Plus qu'une question financière, la réforme des régimes spéciaux est une question d'ordre symbolique : les Français, comme l'a écrit Tocqueville, ont la passion de l'égalité et ils admettent difficilement ce qu'ils perçoivent comme des privilèges. Bien entendu, les différents régimes concernés sont dans des situations très hétérogènes : certains, comme EDF ou la RATP, sont bénéficiaires et contribuent, comme le régime général au financement des régimes déficitaires comme ceux de la SNCF, des mineurs ou des marins. Mais le compte n'y est pas, l'allongement de la durée de la vie rend intenable les départs à la retraite à 55 ans, on ne peut pas trop en demander à la solidarité nationale, surtout quand on sait qu'elle provient de salariés (publics ou privés) qui voient leur durée de cotisation s'allonger au fil des réformes. L'alignement des différents régimes de retraite est donc une nécessité, c'est une des garanties (nécessaire mais pas suffisante) pour le maintien d'un régime de retraites par répartition, signe de la solidarité intergénérationnelle.

Les propos du Président de la République à propos de l'évolution de la protection sociale sont en revanche moins rassurants au regard de la solidification du contrat social entre les Français. Il est louable de souhaiter mettre en place un nouveau risque pour la dépendance, c'est une évolution nécessaire de la protection sociale du fait, là encore, de l'allongement de la vie. Il est parfaitement raisonnable de proposer une franchise sur les remboursements de l'assurance maladie pour tenter d'en combler la dette et donc assurer sa pérennité.

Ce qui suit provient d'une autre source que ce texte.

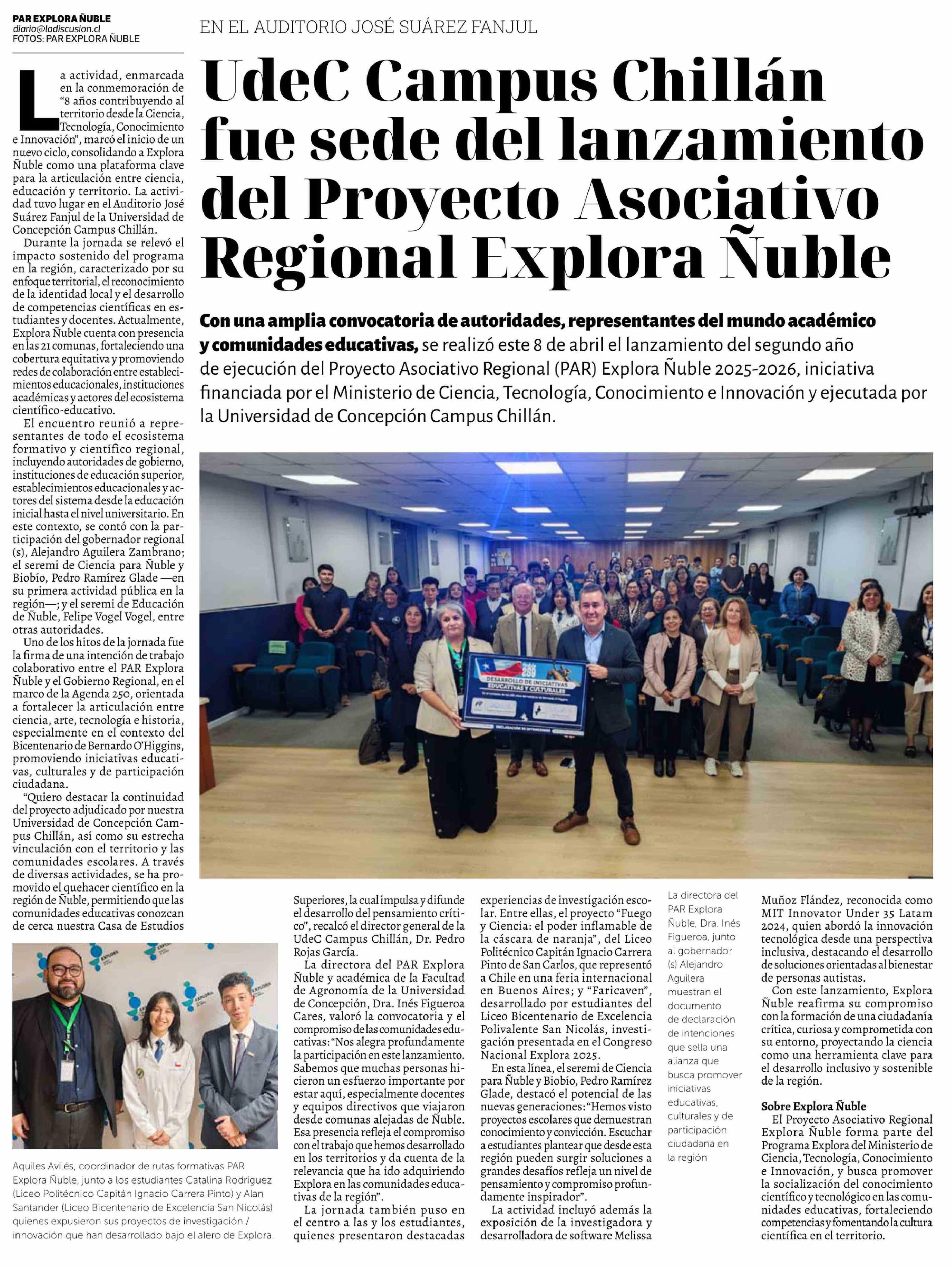 UdeC Campus Chillán fue sede del lanzamiento del Proyecto Asociativo Regional Explora Nuble
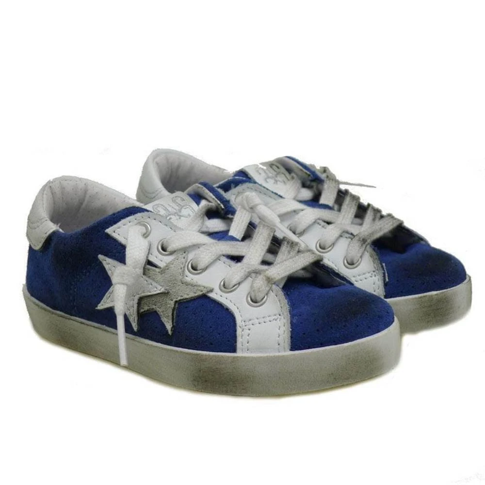 Disponibles en dos colores, en piel napa blanca con lentejuelas azules y platas, en piel blanca con adornos en rosa y en piel de nobuck azul con estrellas en blanco. Consejos de talla: Calzan el número. Una zapatilla con efecto desgastado en los cordones y en la suela, ideal para llevar con un look actual con vaqueros y pitillos. Además tienen la gran ventaja de no tener que atar y desatar los cordones porque son fijos.
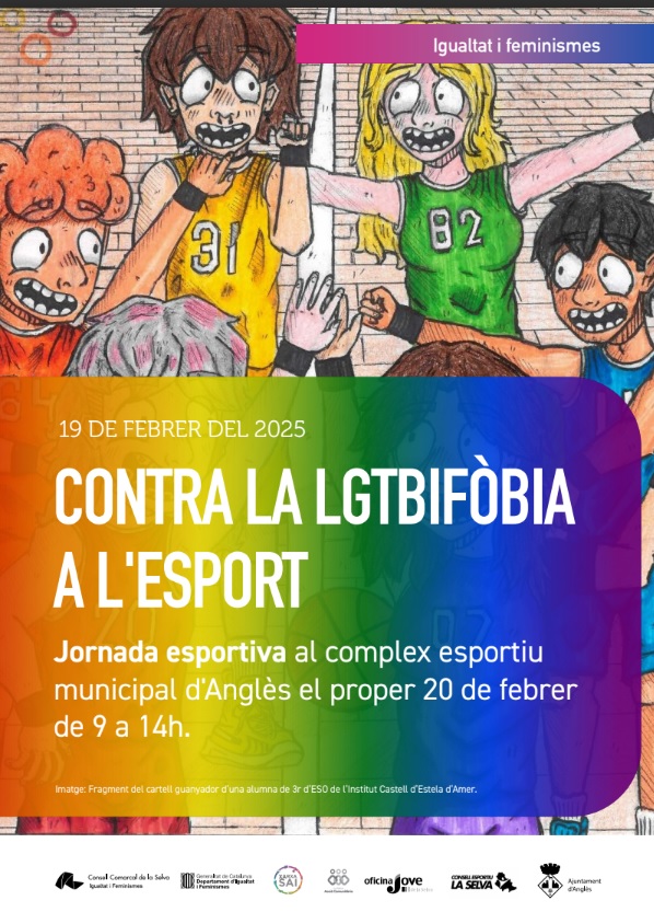 El passat dijous dia 20 de febrer al complex esportiu d’Anglès es va celebrar la 2a jornada contra l’LGTBIfòbia a l’esport, una jornada per reivindicar que estem en contra de qualsevol tipus de discriminació basada en l’orientació sexual, identitat o d’expressió de gènere dins de l’àmbit esportiu. Hi van participar l’alumnat de 3r ESO de l’Institut Castell d’Estela d’Amer, i Escola Fedac i Institut Rafael Campalans d’Anglès.
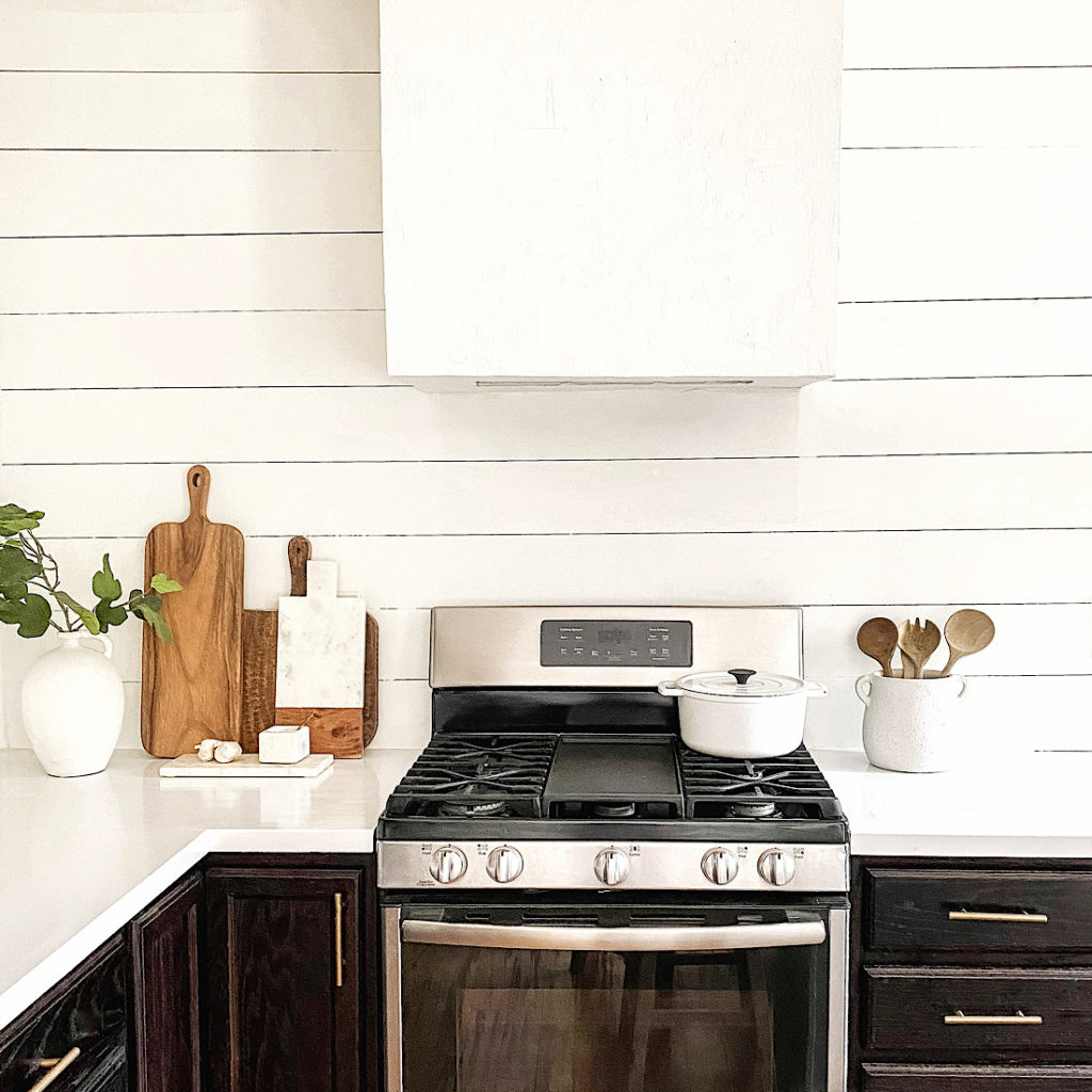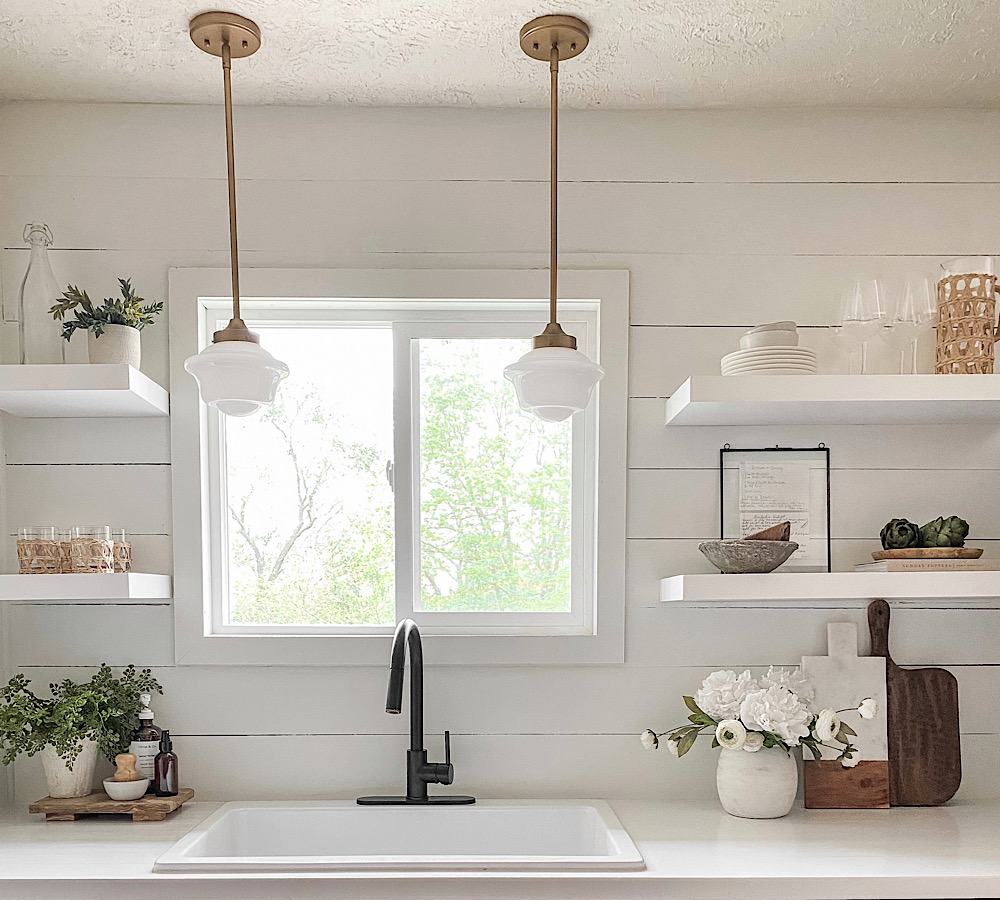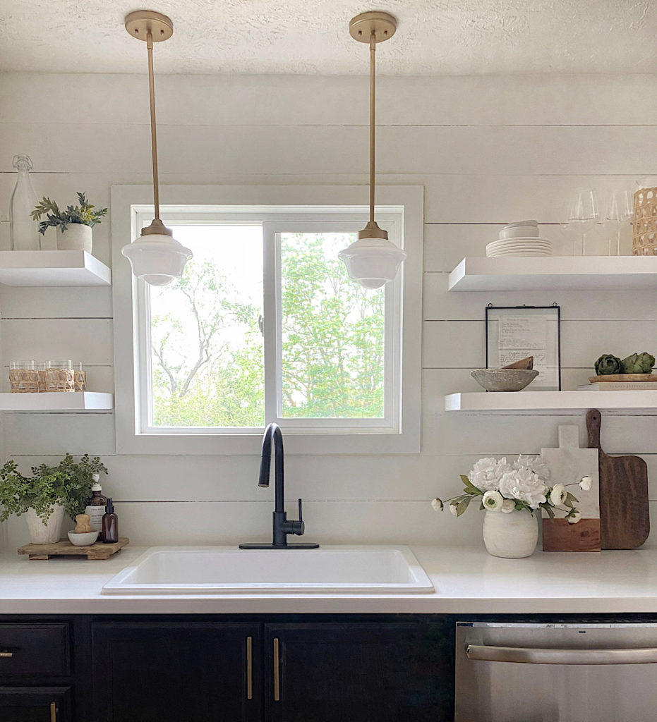 Before we had chunkier wood floating shelves, we replaced our upper cabinets with, but I’ve been wanting a sleeker and more modern look. Our new floating shelves are from Ultra Shelf in white. They have white oak, maple, stained and painted options. You fully customize your size, color and type of shelf, and it includes the hidden bracket! The metal bracket has several hole options so you’re sure to install into the studs, and it’s designed for the shelf to slide right overtop, conveniently hiding the hardware. I can’t recommend them enough, I’m incredibly happy with the style, quality, and the affordability! We have the painted white in 2″ thick, 12″ depth.

Mais on peut s'alarmer d'une remise en cause des mécanismes de solidarité nationale au profit d'une plus grande responsabilité individuelle à travers les couvertures complémentaires. Il ne faut pas aboutir à une conception anglo-saxonne de la protection sociale ou l'Etat assurerait un minimum vital, libre aux individus, suivant leurs moyens, de cotiser dans des fonds privés pour assurer leurs arrières. Une telle évolution affaiblirait considérablement le lien social et par-là même la cohésion nationale.

Le modèle social français doit impérativement être réformé, sous peine de devenir obsolète et impossible à financer, mais il serait très dangereux de vouloir en renier les principes qui, n'ayons pas peur des mots, font partie de "l'identité nationale" française si chère à Nicolas Sarkozy. L'alternative est claire : soit on abandonne définitivement ce modèle soit on tente de le sauver en faisant un effort collectif (franchise et allongement de la durée de cotisation). La retraite par répartition, l'assurance maladie universelle et obligatoire ne sont pas des reliques à mettre au rebut, ce sont des joyaux qu'il convient de mettre en valeur.